• **PROBLEM STATEMENT**
Take the lines below between the one holding "Nous vous attendons" and the one holding "既然挂在墙壁上的镜子餍足不了需求,那不错给桌面上增多一个化妆镜啊。", inclusive, and copy them exactly. Add nothing.
··· DATASET RECORDS
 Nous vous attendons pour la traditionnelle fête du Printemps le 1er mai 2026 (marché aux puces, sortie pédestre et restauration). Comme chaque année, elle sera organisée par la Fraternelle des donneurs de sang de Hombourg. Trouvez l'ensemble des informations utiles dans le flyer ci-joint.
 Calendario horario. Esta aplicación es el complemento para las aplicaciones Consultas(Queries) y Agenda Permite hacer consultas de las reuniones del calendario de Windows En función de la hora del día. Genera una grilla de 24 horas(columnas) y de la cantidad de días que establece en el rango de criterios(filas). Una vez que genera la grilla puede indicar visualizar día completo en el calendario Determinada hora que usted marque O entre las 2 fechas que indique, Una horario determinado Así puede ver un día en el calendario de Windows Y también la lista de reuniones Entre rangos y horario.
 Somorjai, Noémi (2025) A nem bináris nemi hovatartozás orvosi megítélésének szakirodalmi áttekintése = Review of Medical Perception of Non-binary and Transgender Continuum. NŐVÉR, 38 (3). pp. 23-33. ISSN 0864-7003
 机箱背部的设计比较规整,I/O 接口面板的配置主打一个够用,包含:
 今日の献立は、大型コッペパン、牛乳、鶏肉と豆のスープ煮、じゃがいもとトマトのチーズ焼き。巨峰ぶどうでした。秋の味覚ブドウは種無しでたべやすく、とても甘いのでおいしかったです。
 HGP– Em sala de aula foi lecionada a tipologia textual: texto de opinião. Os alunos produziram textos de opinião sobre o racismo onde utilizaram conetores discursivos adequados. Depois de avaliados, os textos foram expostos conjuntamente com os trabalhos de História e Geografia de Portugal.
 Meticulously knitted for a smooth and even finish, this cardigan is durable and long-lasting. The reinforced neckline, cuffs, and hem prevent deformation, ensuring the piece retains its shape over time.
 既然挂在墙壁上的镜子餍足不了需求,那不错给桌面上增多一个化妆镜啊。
······
··· DATASET RECORDS
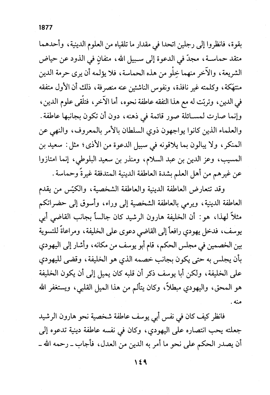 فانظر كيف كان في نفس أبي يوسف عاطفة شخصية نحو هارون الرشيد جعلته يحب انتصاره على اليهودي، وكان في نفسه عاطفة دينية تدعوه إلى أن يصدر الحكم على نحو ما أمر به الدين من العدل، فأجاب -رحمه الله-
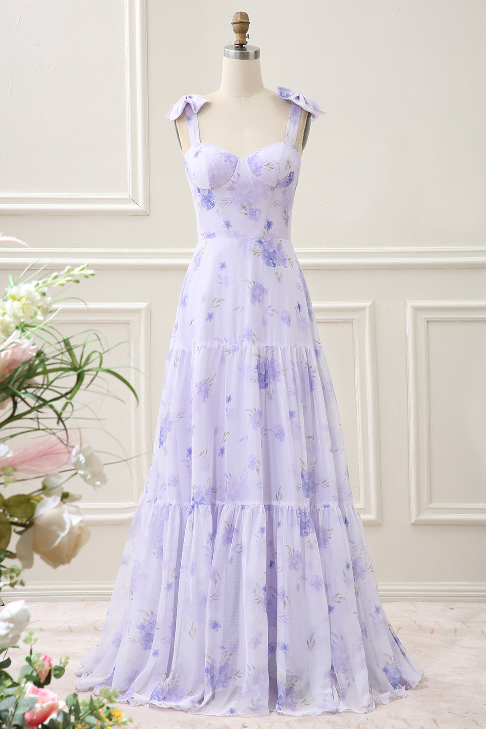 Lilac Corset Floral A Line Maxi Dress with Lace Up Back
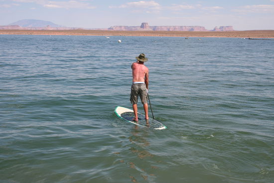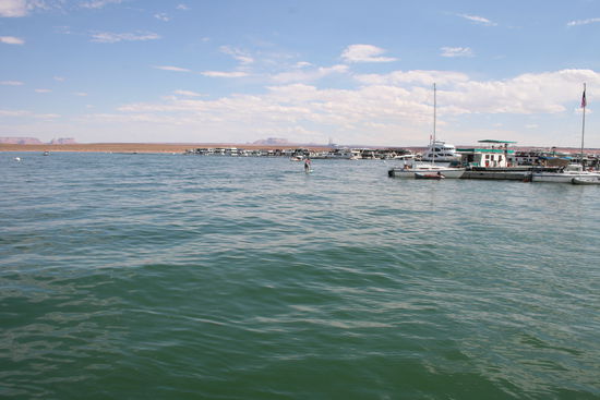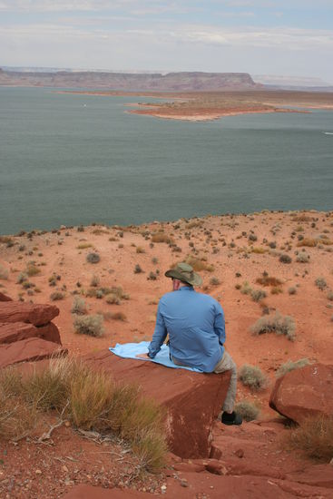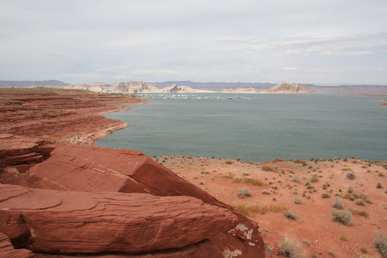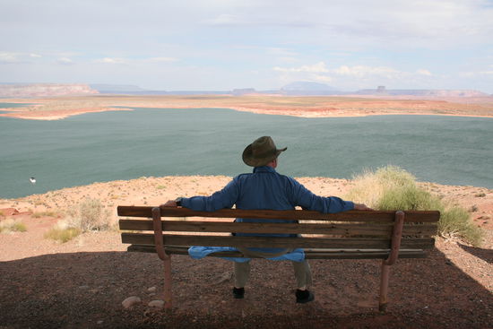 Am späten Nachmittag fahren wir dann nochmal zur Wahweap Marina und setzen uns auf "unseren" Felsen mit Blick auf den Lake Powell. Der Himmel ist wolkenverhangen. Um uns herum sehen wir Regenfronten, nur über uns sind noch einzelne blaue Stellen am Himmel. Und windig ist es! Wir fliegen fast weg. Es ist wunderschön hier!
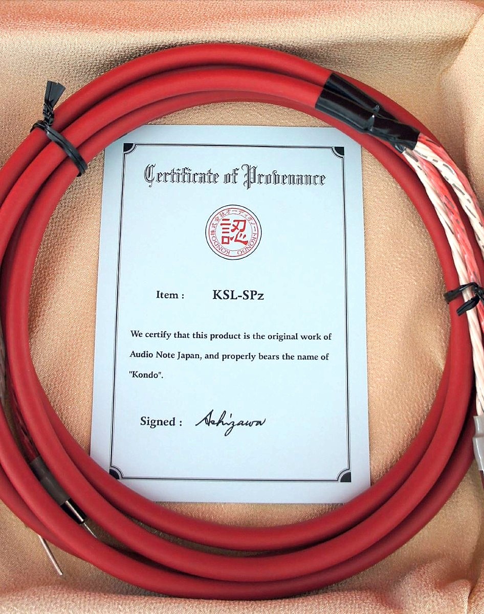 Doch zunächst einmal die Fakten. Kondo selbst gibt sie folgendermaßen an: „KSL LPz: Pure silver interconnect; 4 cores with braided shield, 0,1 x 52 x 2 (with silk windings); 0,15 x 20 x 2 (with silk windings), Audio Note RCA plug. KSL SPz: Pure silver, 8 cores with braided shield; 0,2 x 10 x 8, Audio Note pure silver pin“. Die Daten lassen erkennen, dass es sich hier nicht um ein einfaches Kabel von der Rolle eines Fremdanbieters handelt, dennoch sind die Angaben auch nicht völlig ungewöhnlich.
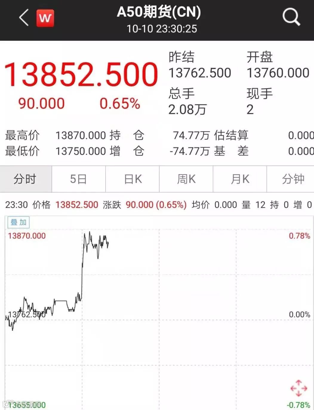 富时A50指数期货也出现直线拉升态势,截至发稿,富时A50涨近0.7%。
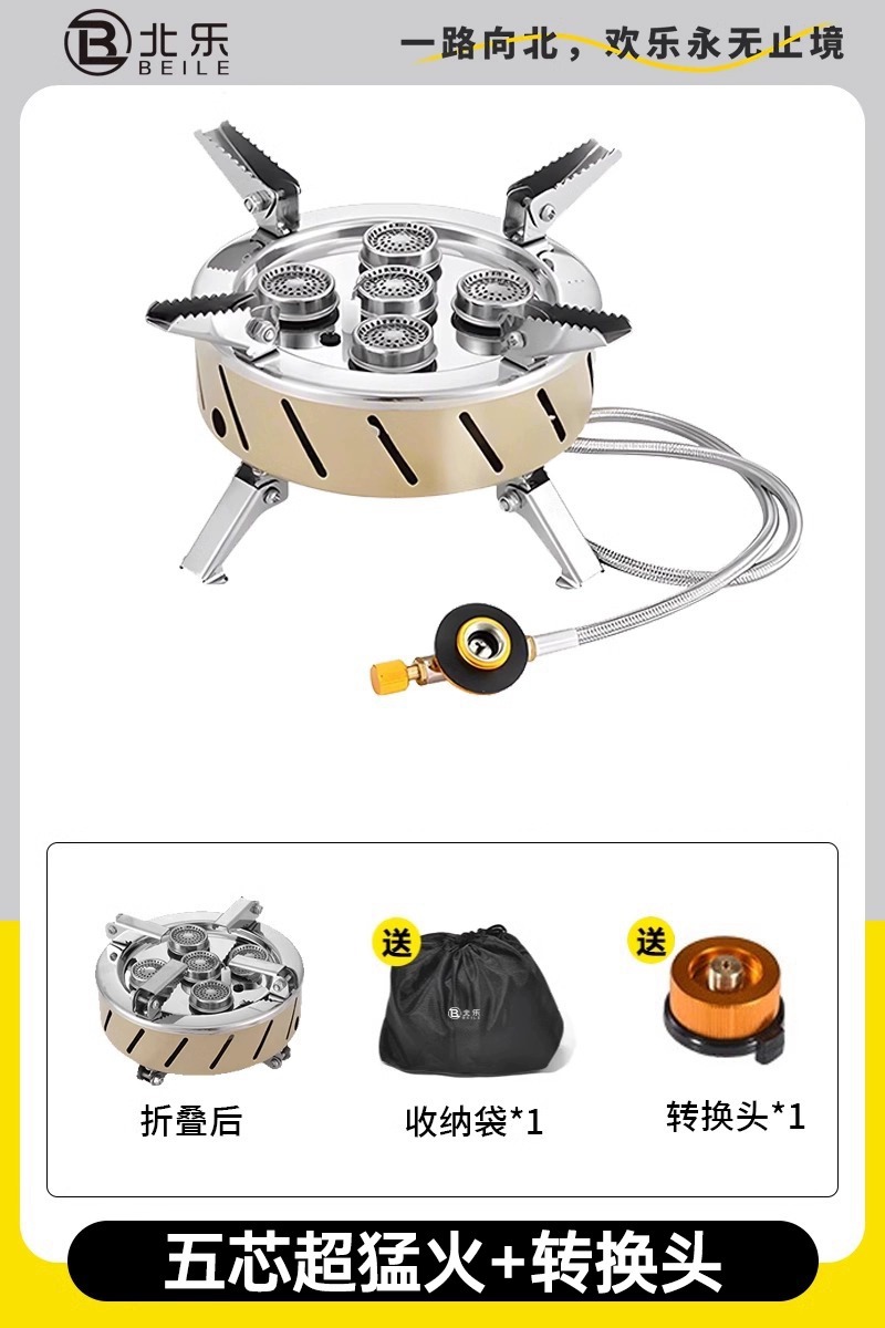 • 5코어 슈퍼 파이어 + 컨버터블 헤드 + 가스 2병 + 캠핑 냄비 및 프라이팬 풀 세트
······
··· DATASET RECORDS
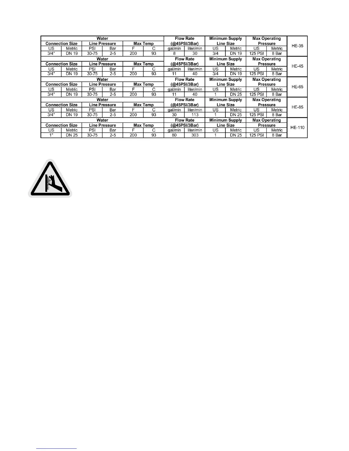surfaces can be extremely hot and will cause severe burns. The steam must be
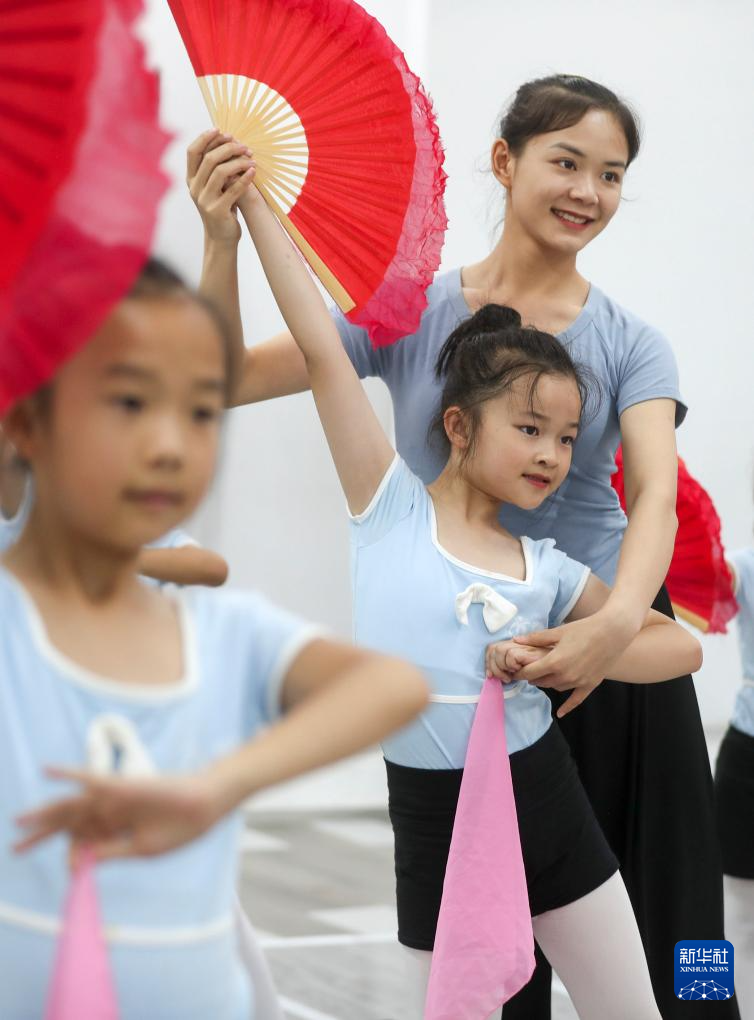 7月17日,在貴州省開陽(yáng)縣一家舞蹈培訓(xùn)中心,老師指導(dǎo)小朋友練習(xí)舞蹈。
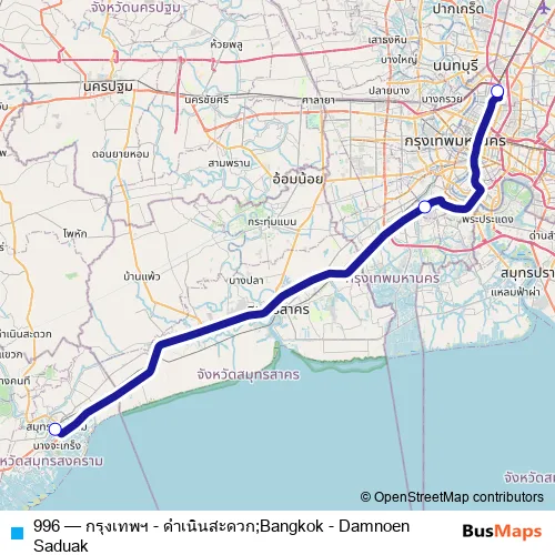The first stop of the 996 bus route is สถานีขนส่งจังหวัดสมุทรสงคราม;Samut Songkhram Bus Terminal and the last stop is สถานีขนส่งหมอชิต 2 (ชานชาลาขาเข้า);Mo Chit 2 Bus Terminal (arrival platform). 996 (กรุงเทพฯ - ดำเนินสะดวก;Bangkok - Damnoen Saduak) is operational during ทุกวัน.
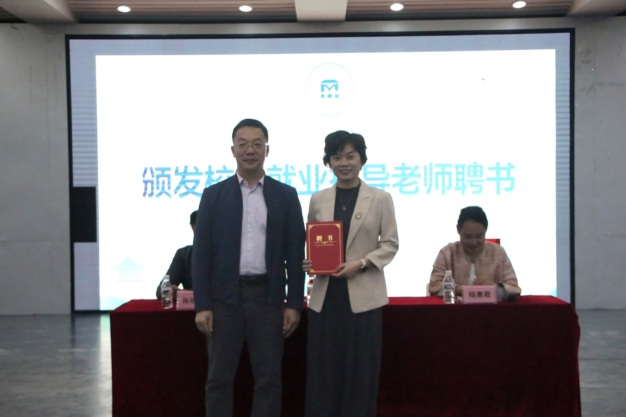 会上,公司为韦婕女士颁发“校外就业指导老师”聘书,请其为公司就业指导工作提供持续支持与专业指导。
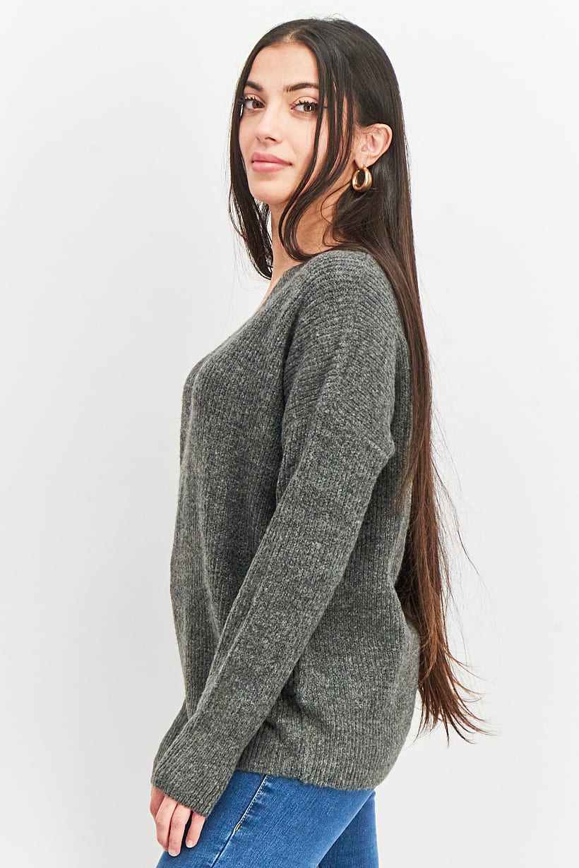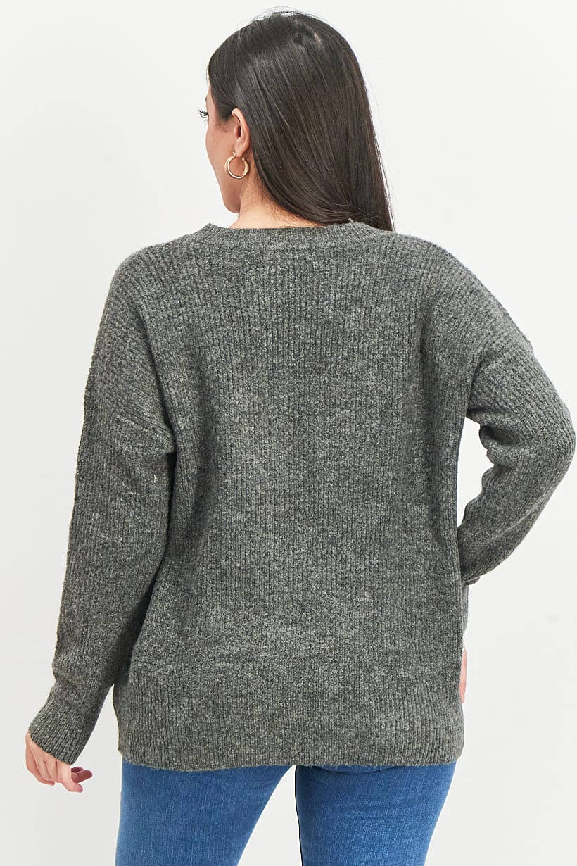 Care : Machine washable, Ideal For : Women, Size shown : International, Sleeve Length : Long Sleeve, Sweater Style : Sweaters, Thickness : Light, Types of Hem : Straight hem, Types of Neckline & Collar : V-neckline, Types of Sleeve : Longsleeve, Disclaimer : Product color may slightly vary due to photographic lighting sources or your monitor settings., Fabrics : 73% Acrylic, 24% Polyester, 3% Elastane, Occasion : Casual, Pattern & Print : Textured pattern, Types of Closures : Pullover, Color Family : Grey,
······
• **TASK OUTPUT**
 Nous vous attendons pour la traditionnelle fête du Printemps le 1er mai 2026 (marché aux puces, sortie pédestre et restauration). Comme chaque année, elle sera organisée par la Fraternelle des donneurs de sang de Hombourg. Trouvez l'ensemble des informations utiles dans le flyer ci-joint.
 Calendario horario. Esta aplicación es el complemento para las aplicaciones Consultas(Queries) y Agenda Permite hacer consultas de las reuniones del calendario de Windows En función de la hora del día. Genera una grilla de 24 horas(columnas) y de la cantidad de días que establece en el rango de criterios(filas). Una vez que genera la grilla puede indicar visualizar día completo en el calendario Determinada hora que usted marque O entre las 2 fechas que indique, Una horario determinado Así puede ver un día en el calendario de Windows Y también la lista de reuniones Entre rangos y horario.
 Somorjai, Noémi (2025) A nem bináris nemi hovatartozás orvosi megítélésének szakirodalmi áttekintése = Review of Medical Perception of Non-binary and Transgender Continuum. NŐVÉR, 38 (3). pp. 23-33. ISSN 0864-7003
 机箱背部的设计比较规整,I/O 接口面板的配置主打一个够用,包含:
 今日の献立は、大型コッペパン、牛乳、鶏肉と豆のスープ煮、じゃがいもとトマトのチーズ焼き。巨峰ぶどうでした。秋の味覚ブドウは種無しでたべやすく、とても甘いのでおいしかったです。
 HGP– Em sala de aula foi lecionada a tipologia textual: texto de opinião. Os alunos produziram textos de opinião sobre o racismo onde utilizaram conetores discursivos adequados. Depois de avaliados, os textos foram expostos conjuntamente com os trabalhos de História e Geografia de Portugal.
 Meticulously knitted for a smooth and even finish, this cardigan is durable and long-lasting. The reinforced neckline, cuffs, and hem prevent deformation, ensuring the piece retains its shape over time.
 既然挂在墙壁上的镜子餍足不了需求,那不错给桌面上增多一个化妆镜啊。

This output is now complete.